Sie werden höchstens 20-30 Minuten brauchen.

  • Laden Sie den/die Akku(s) vollständig auf und halten Sie ein Ladegerät bereit, wenn Sie unterwegs aufladen möchten.
  • Pumpen Sie den Reifendruck auf und prüfen Sie das Profil/die Beschädigungen.
  • Testen Sie die Bremsen und prüfen Sie, ob die Räder frei laufen.
  • Antrieb (kurz) reinigen und ggf. schmieren.
  • Kontrollieren Sie die Beleuchtung und bringen Sie ein Rückfahrlicht mit.
  • Packen Sie Ihr Pannenset, Wasser, einen Snack und Ihren Ausweis/OV-Ausweis ein.

Unterwegs: So halten Sie Ihr E-Bike in Topform

Während einer langen Fahrt können Sie kleine Probleme frühzeitig erkennen.

Wenn nötig, halten Sie nach 10 km kurz an: Sie spüren dann oft schon, ob etwas locker ist.

Legen Sie außerdem Pausen ein, bevor Sie “leer” sind, um Ihre Energie (und Konzentration) hoch zu halten.

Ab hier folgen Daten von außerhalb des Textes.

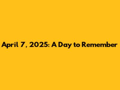 April 7, 2025: A Look Back At The Key Events
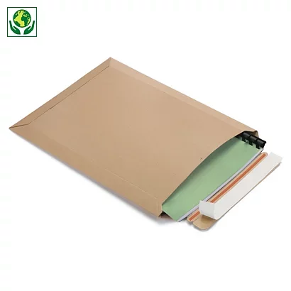![]() | La pochette carton micro-cannelé rigide brune à fermeture adhésive, rigide et protectrice, est conçue à partir de caton 60 % recyclé et totalement recyclable. |
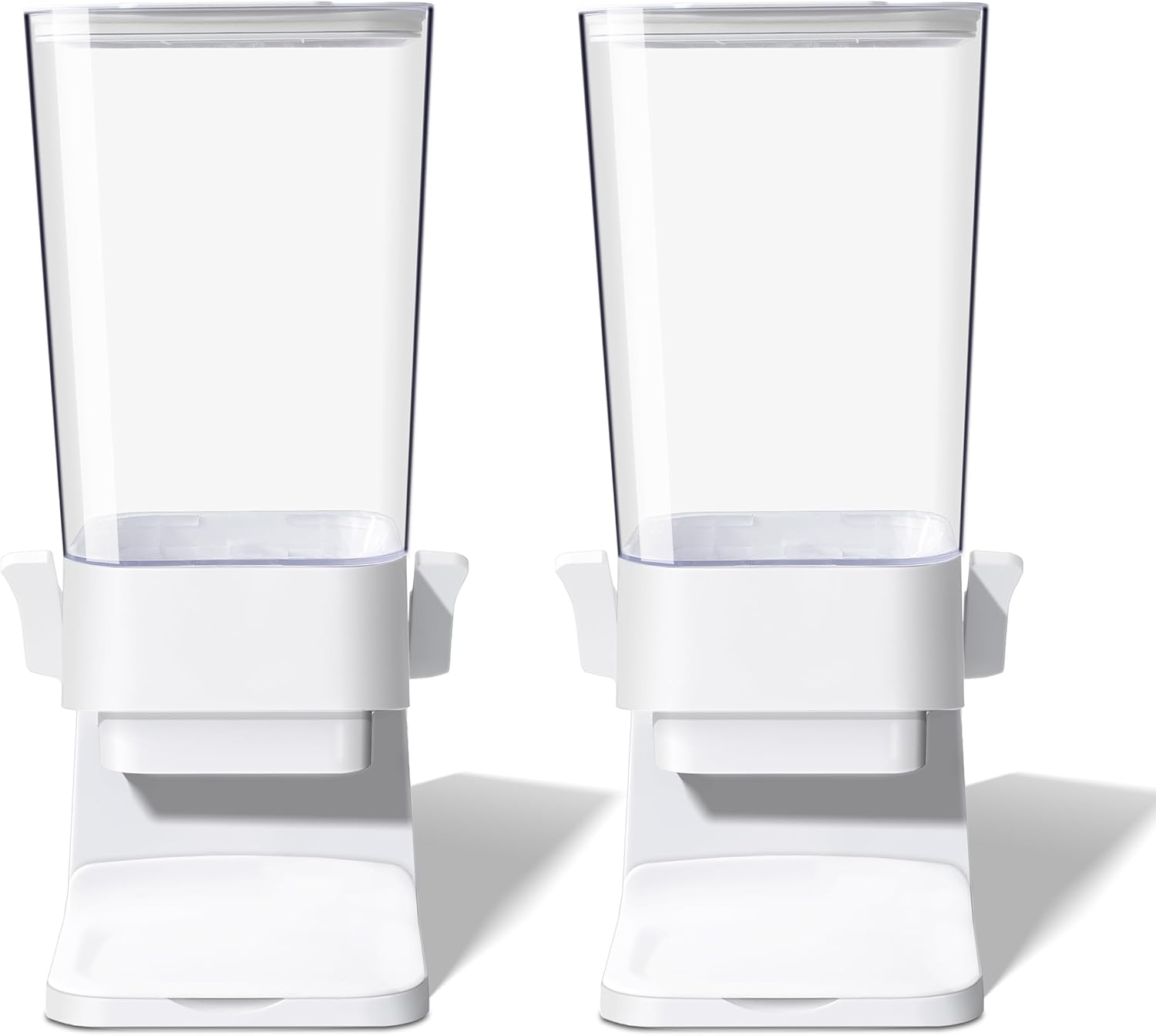 Cereal Dispenser Countertop, 5L Cereal Containers Storage Dispenser for Pantry, Large Dry Food Cereal Dispenser, Not Easy to Crush Cereal, Can Hold Oatmeal, Snack, Grain, Pet Food (White, 2Pc)

Kurzer Check in den Pausen

  • Fühlen Sie, ob die Reifen noch hart genug sind.
  • Prüfen Sie, ob die Bremsen nach einer nassen Strecke nicht zu laufen begonnen haben.
  • Prüfen Sie, ob die Taschen noch fest sitzen und nichts am Rad scheuert.
  • Reinigen Sie Lichter und Reflektoren, wenn sie schlammig sind.

Nach der Fahrt: Wartungsarbeiten, die Ihre nächste Reise erleichtern werden

Wenn Sie nach Hause kommen, ist die Versuchung groß, das Fahrrad wegzustellen.

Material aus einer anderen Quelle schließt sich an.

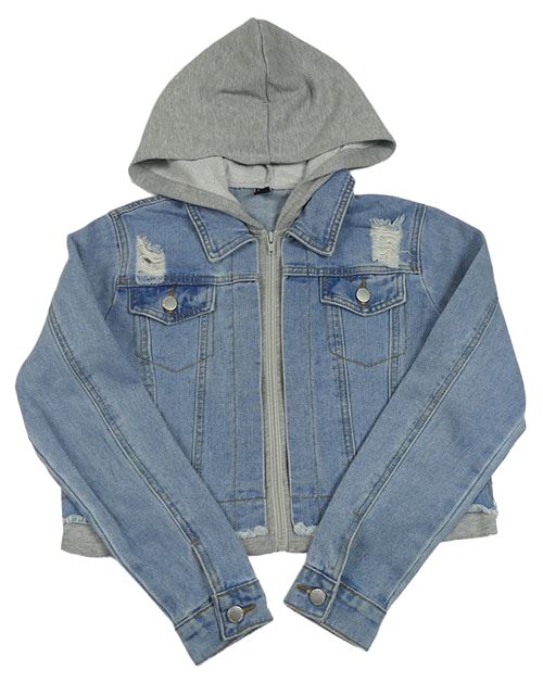 Světlemodro-sivá riflovo/tepláková crop bunda s vyšúchaním a kapucňou SHEIN
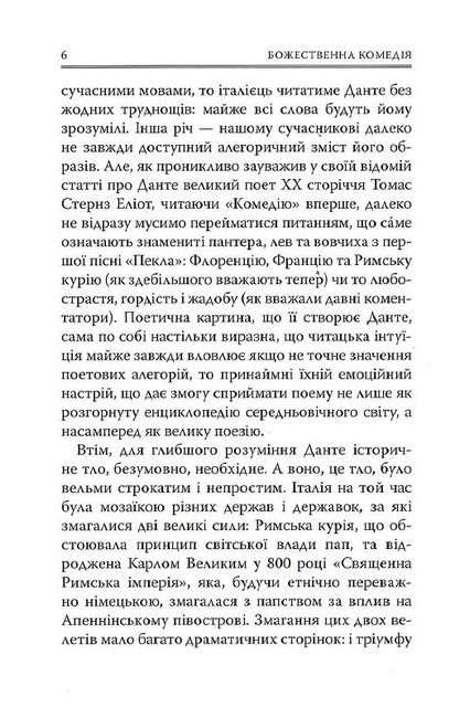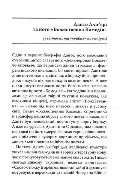 Водночас ця книга має стати для сучасного читача справжнім путівником у світ великого Данте. Вона містить докладну передмову, присвячену життю й творчості італійського поета, а також — впливу «Божественної Комедії» на розвиток української літератури. А додана до перекладу антологія пов’язаних із постаттю Данте українських віршів, написаних упродовж останніх понад півтораста років, наочно демонструє, що Україна булла і є частиною культурної Європи.
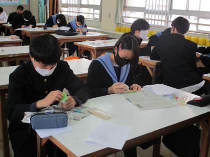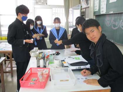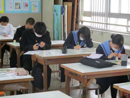 篆刻を作っています。できた篆刻を色紙に押印しています。
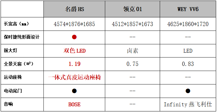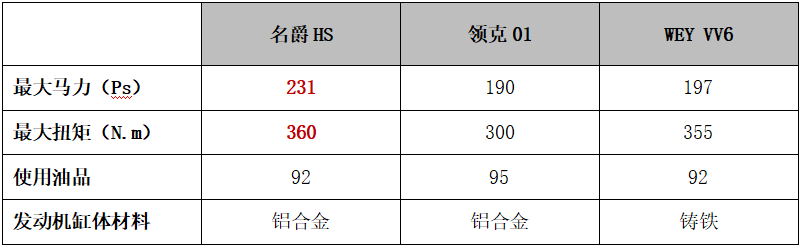 此次降价后名爵HS在市场中的竞争力如何?不妨选取国产高端SUV中关注度比较高的另外两款车型,领克01 2017款 2.0T两驱型版(官方指导价16.58万,以下简称领克01)和WEY VV6 2018款2.0T两驱超豪型(官方指导价15.5万,以下简称WEY VV6),与价格调整后售价14.98万的名爵HS 30T自动Trophy荷尔蒙超燃版(以下简称名爵HS)进行对比。
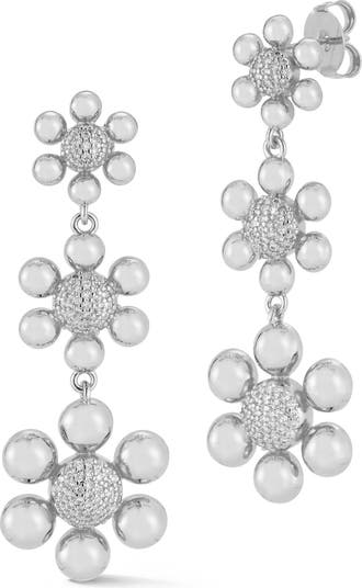Pavé cubic zirconia illuminate these polished flower linear drop earrings that bring nature-inspired shine to your looks.
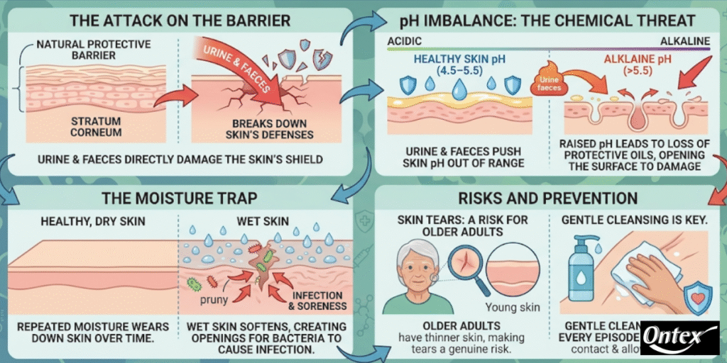 Urine and faeces push skin pH out of its natural range (healthy skin pH sits between 4.5 and 5.5). When pH rises above that range, the skin loses its protective oils and leaves the surface open to damage. That is why cleansing skin gently after every incontinence episode cuts down chemical contact and gives skin a real chance to recover.
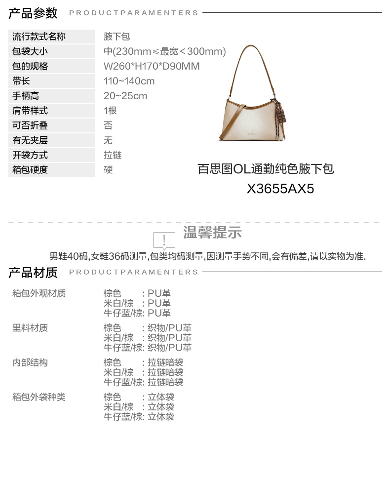 | 款式季节:春季 | 材质工艺:PU | 渠道划分:线下同步 | 皮质特征:PU | 箱包外观材质:PU革 |
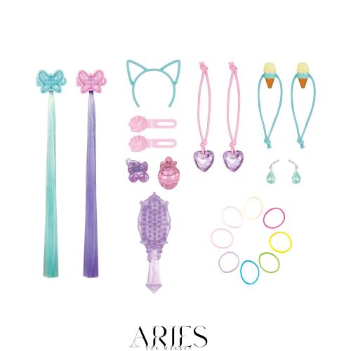 【セット内容】バタフライエクステミントグリーン(1),バタフライエクステパープル(1),ネコミミカチューシャ(1),イヤリング(1),ジェラートポニー(2),ハートジュエルポニー(2),チェリークリップ(1),ストロベリークリップ(1),ホイップクリームクリップ(2),すてきなブラシ(1),カラフルヘアゴム(8),
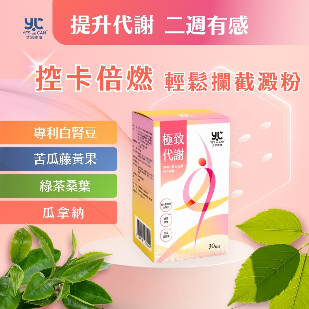 艾思維康 極致代謝 【 白腎豆 + 綠茶 + 藤黃果 】 義大利 專利 極纖複方 瓜拿納 桑葉 山苦瓜 促進 新陳代謝
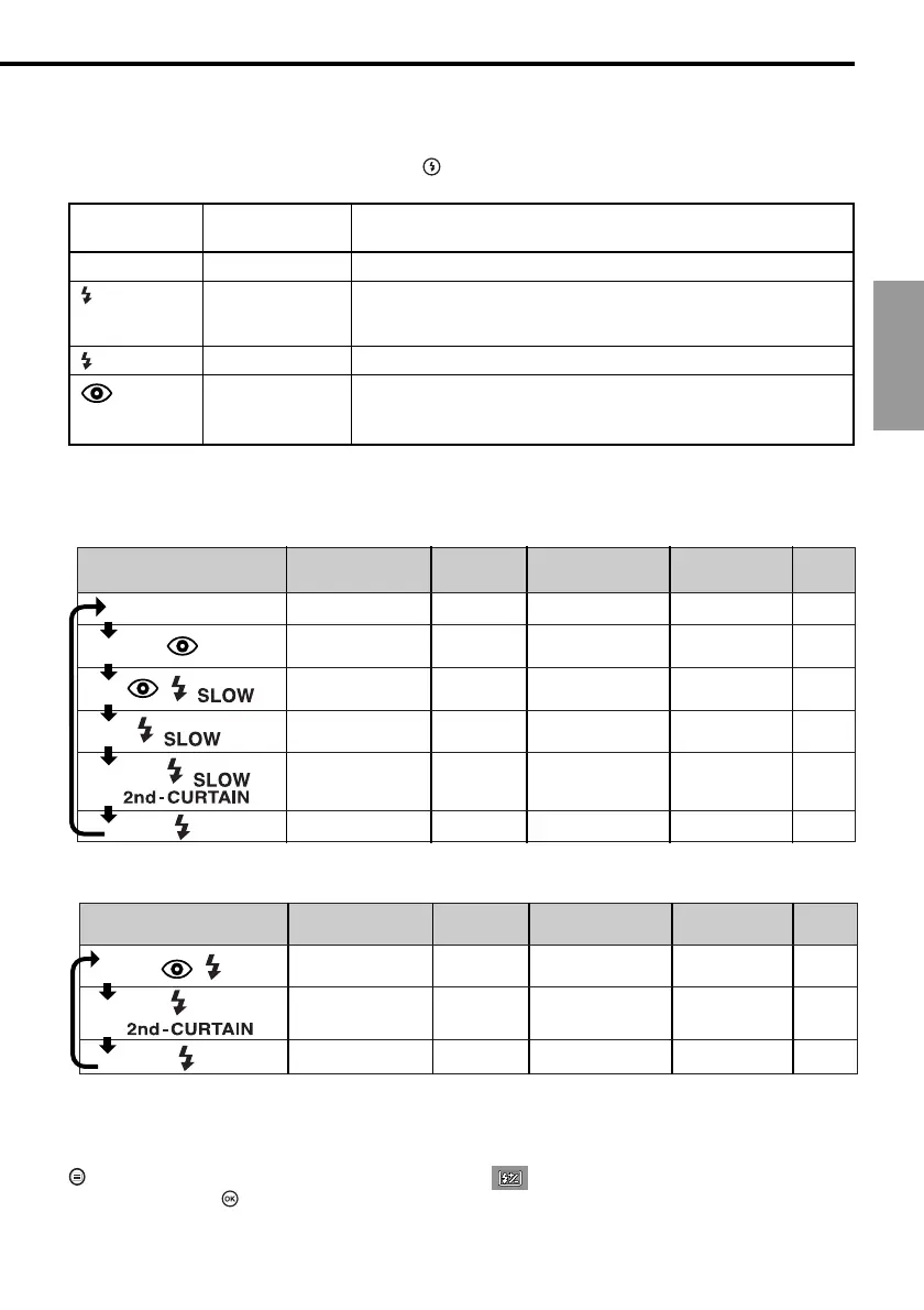 (none) Auto Flash Adjusts flash intensity according to the brightness of the subject.
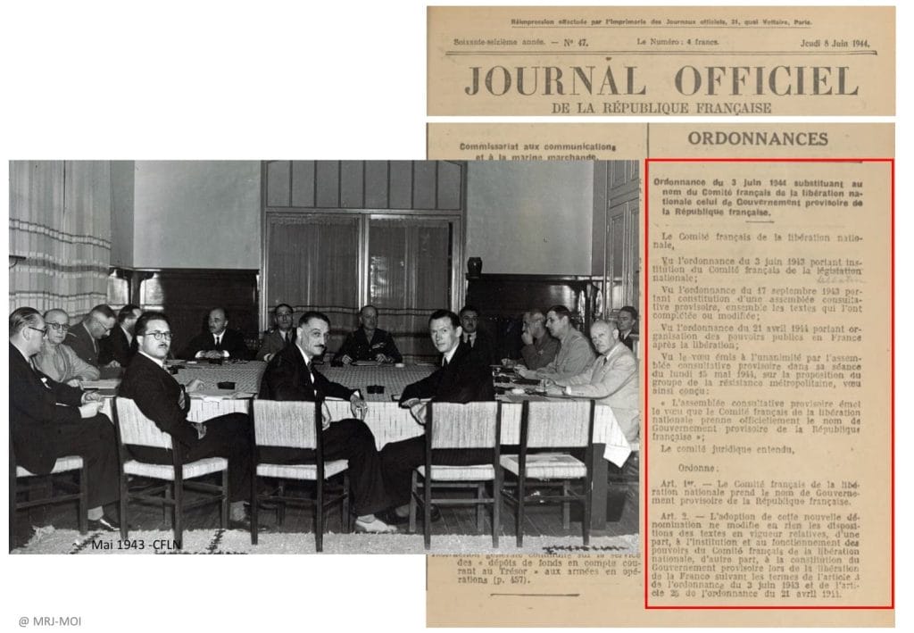 Le 3 juin 1944, à Alger, le Comité français de la libération nationale devient le Gouvernement provisoire de la République française (JO du 8 juin 1944).

Aber fünf Minuten Nachsorge ersparen eine Menge Verschleiß.

Wischen Sie das Fahrrad sauber, trocknen Sie den Antriebsstrang und laden Sie den Akku je nach Gebrauch auf (nicht immer sofort 100% erforderlich, wenn Sie nicht sofort wieder für eine lange Zeit fahren).

Zum Schluss: Machen Sie es sich leicht

Ein E-Bike für eine lange Fahrt vorzubereiten heißt vor allem: vorausschauend denken.

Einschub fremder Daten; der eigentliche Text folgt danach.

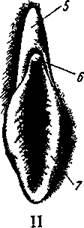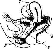 Рис. 13 Изменения клитора и малых половых губ, характерные для женского полового цикла: I - невозбужденное состояние: 1 - тело клитора, 2 - колпачок клитора; 3 - головка клитора; 4 малые половые тубы; II - фаза возбуждения* 5 - увеличение в диаметре тела клитора; 6 -увеличение головки клитора; 7 - увеличение объема малых половых губ, III - фаза плата; 8 - закрытие клитора колпачком; 9 - дальнейшее увеличение малых половых губ, на фазе плато создается впечатление, что клитор " исчезает'', скрываясь под клиторным колпачком; фаза оргазма не показана из-за отсутствия достаточной информации предполагаемого или желательного уровня, то в дальнейшем они окажутся в незавидном положении. Плато На фазе возбуждения наблюдается явное нарастание сексуального напряжения, значительно превышающее исходный уровень (т.е. уровень напряжения в невозбужденном состоянии). На рис. 10 показано, что на фазе " плато" возбуждение не уменьшается и не нарастает, хотя его усиление потенциально приводит к стадии оргазма. Продолжительность " плато" может быть различна. У мужчин, испытывающих затруднение в сдерживании эякуляции, эта фаза может быть очень короткой. У некоторых женщин короткая фаза " плато" может предшествовать особенно интенсивному оргазму. Для остальных людей замедленное, спокойное удовлетворение на уровне " плато" представляет собой " вершину" интимного эротического единения, которое само по себе доставляет предельное удовольствие. На фазе " плато" прилив крови вызывает у женщин увеличение в объеме тканей, расположенных в нижней трети влагалища. В результате реакции, называемой образованием оргастической манжетки, сужается входное отверстие вла-
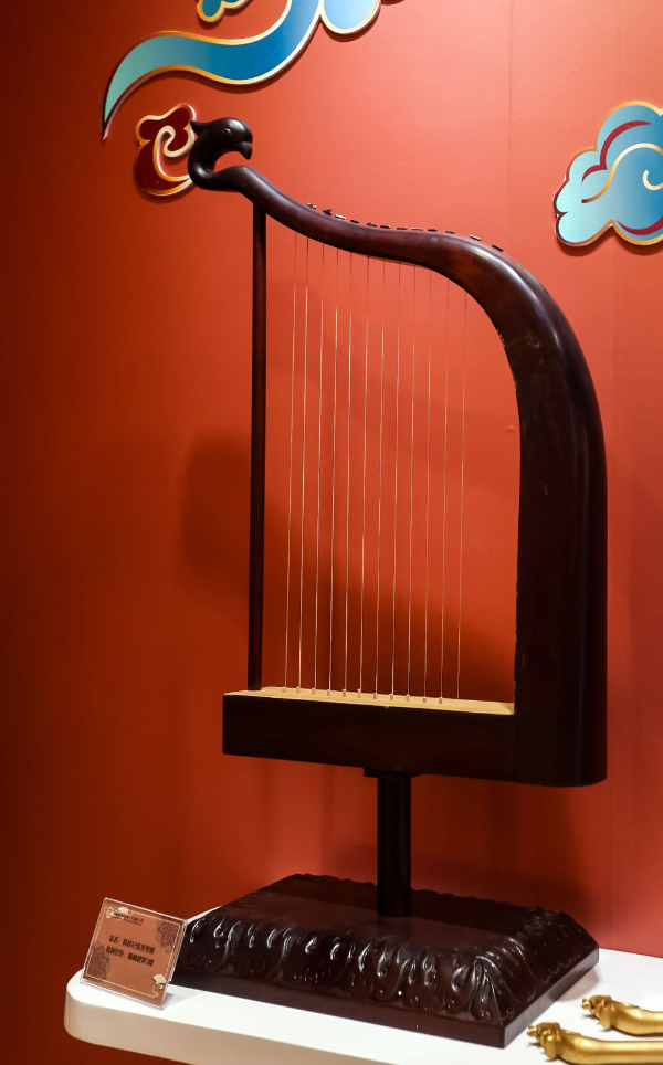 上海民乐一厂仿榆林窟第3窟凤首12弦竖箜篌亮相上海国际乐器展。(受访机构供图)
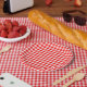 Assiettes En Carton Chèques En vichy taille moyenne rouge et blanche
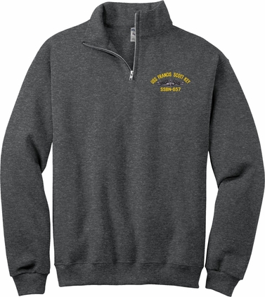 MilitaryBest is proud to offer this USS Francis Scott Key SSBN-657 with Dolphins Embroidered Quarter-Zip Pullover. This quality shirt is embroidered by our MilitaryBest team in Northeast Alabama.PRODUCT FEATURES

Mit guten Reifen, zuverlässigen Bremsen, einer vollen Batterie und einem kleinen Pannenset können Sie unbesorgt fahren.

Wenn Sie sicherstellen möchten, dass Ihr E-Bike für die neue Saison oder für eine große Fahrt technisch 100% ist, sehen Sie sich STOER Pflege für Wartung und Service, damit Sie weiterhin sorgenfrei Rad fahren können.